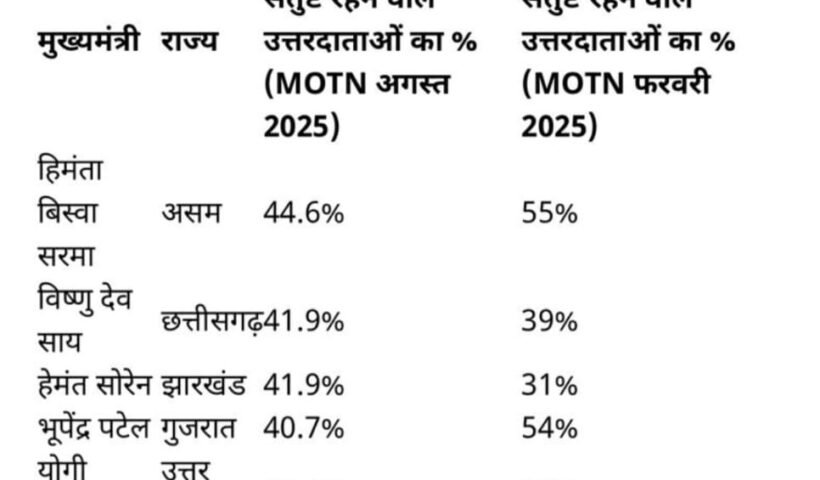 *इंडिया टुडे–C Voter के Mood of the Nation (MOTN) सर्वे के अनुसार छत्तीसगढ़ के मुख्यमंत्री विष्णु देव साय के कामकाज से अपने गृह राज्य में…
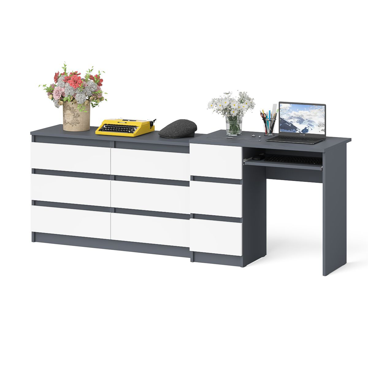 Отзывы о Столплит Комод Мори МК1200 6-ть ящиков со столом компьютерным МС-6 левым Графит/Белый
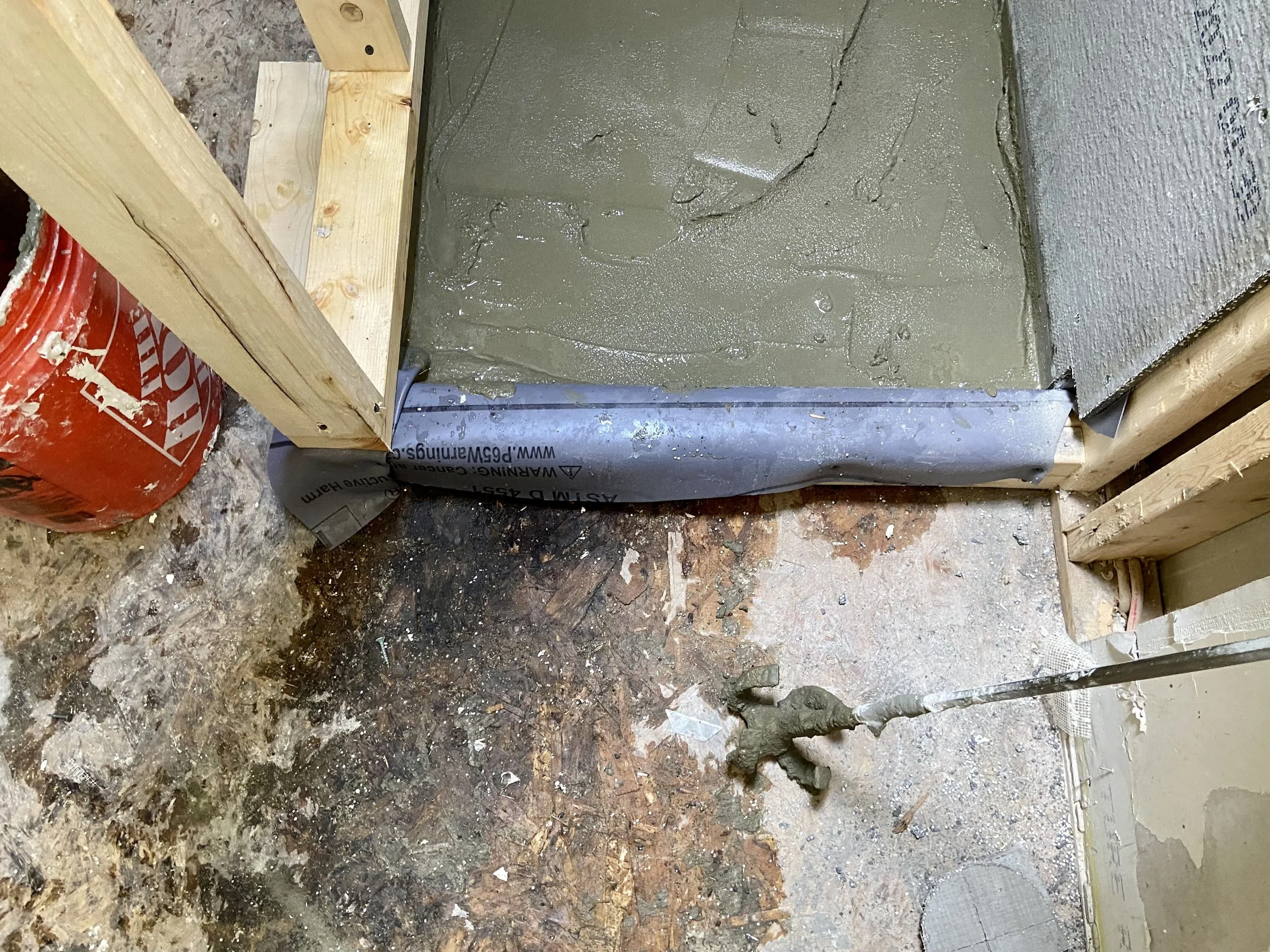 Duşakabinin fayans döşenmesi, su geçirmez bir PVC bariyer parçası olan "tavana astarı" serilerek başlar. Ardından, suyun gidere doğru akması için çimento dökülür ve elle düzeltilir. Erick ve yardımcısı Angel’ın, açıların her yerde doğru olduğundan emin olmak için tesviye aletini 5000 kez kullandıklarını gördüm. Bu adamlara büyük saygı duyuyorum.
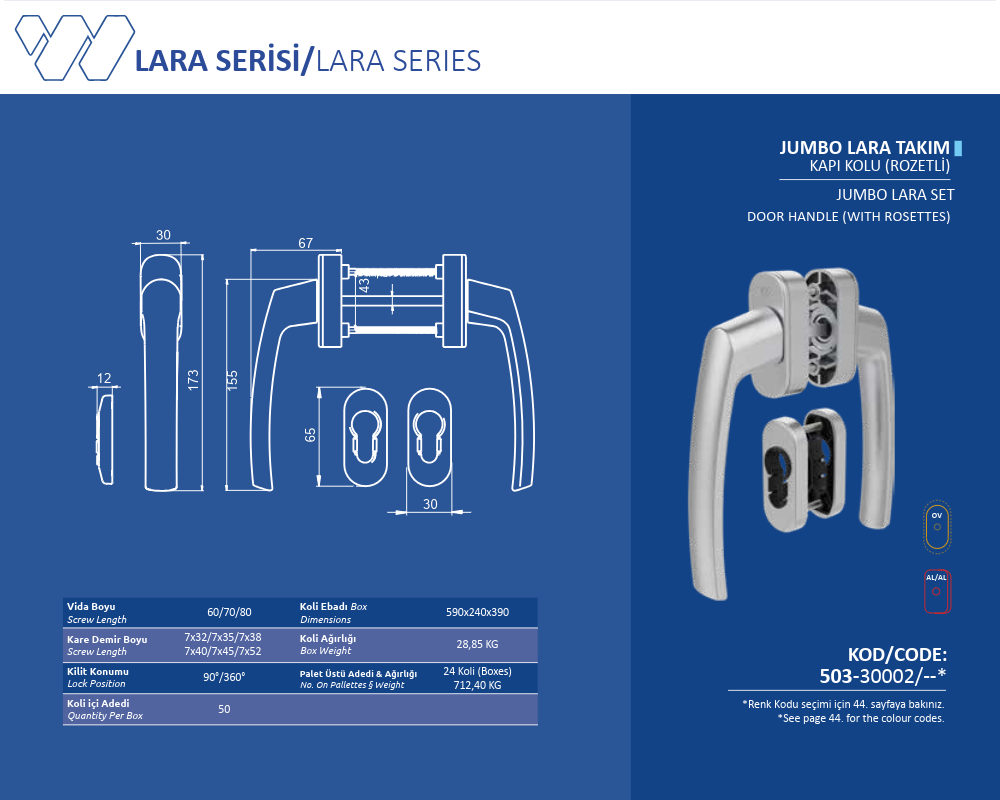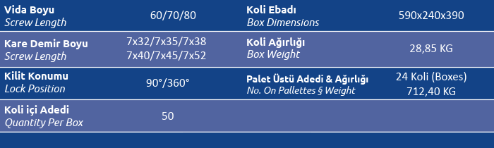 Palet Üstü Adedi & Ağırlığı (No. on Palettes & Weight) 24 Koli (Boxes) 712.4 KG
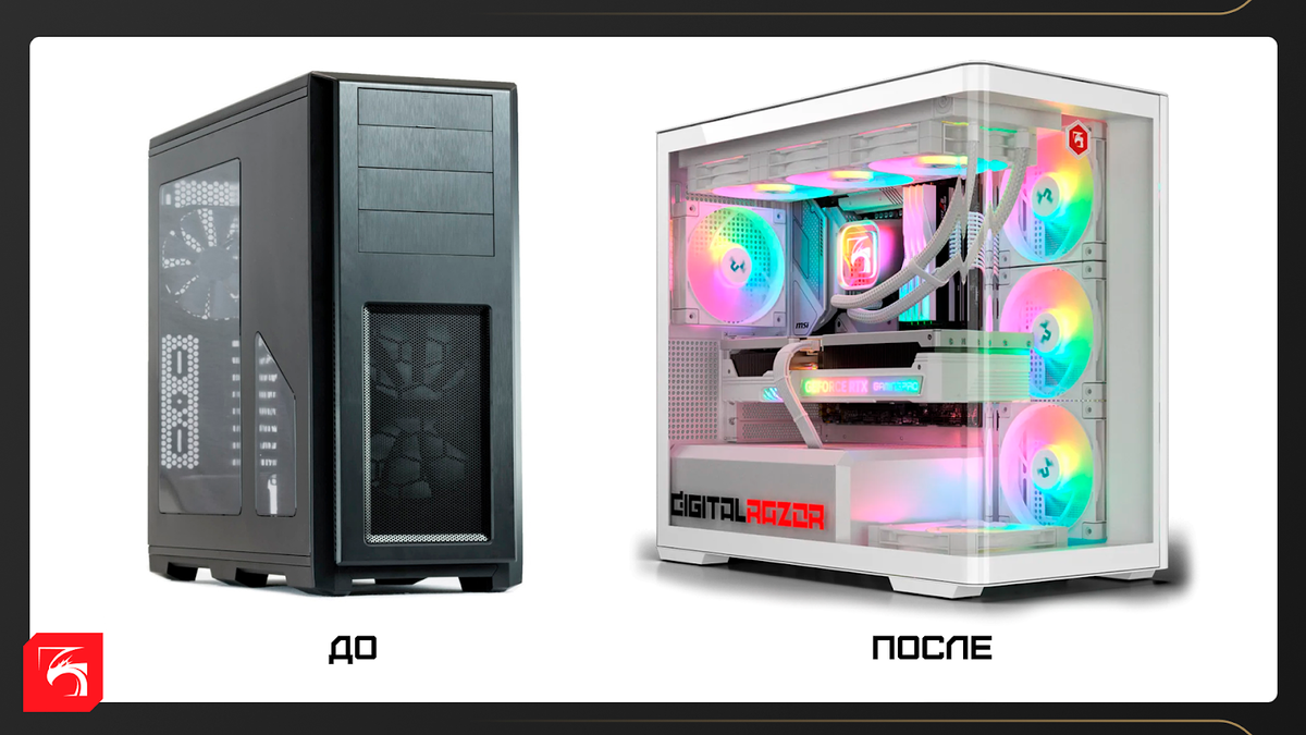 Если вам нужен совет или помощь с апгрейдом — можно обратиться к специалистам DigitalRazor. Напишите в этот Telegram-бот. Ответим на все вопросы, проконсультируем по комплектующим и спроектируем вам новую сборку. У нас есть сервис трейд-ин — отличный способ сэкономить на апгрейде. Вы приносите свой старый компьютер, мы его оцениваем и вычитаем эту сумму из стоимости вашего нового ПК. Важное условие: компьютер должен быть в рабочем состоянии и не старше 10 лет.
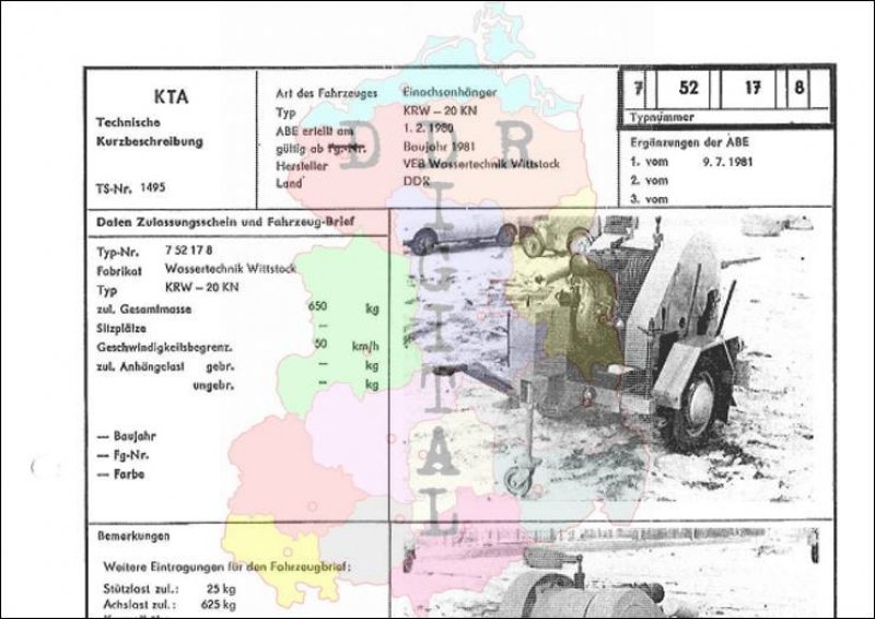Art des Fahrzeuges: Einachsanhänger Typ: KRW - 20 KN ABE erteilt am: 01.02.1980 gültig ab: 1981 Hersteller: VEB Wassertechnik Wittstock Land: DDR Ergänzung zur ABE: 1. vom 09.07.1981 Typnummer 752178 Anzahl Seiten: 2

=-=-=-=-=

== About this exercise ==
The lines from the one holding "Если вам нужен" through the end of the material above are to be echoed exactly, both ends included. Do not include pictures.

== Result ==
 Если вам нужен совет или помощь с апгрейдом — можно обратиться к специалистам DigitalRazor. Напишите в этот Telegram-бот. Ответим на все вопросы, проконсультируем по комплектующим и спроектируем вам новую сборку. У нас есть сервис трейд-ин — отличный способ сэкономить на апгрейде. Вы приносите свой старый компьютер, мы его оцениваем и вычитаем эту сумму из стоимости вашего нового ПК. Важное условие: компьютер должен быть в рабочем состоянии и не старше 10 лет.
Art des Fahrzeuges: Einachsanhänger Typ: KRW - 20 KN ABE erteilt am: 01.02.1980 gültig ab: 1981 Hersteller: VEB Wassertechnik Wittstock Land: DDR Ergänzung zur ABE: 1. vom 09.07.1981 Typnummer 752178 Anzahl Seiten: 2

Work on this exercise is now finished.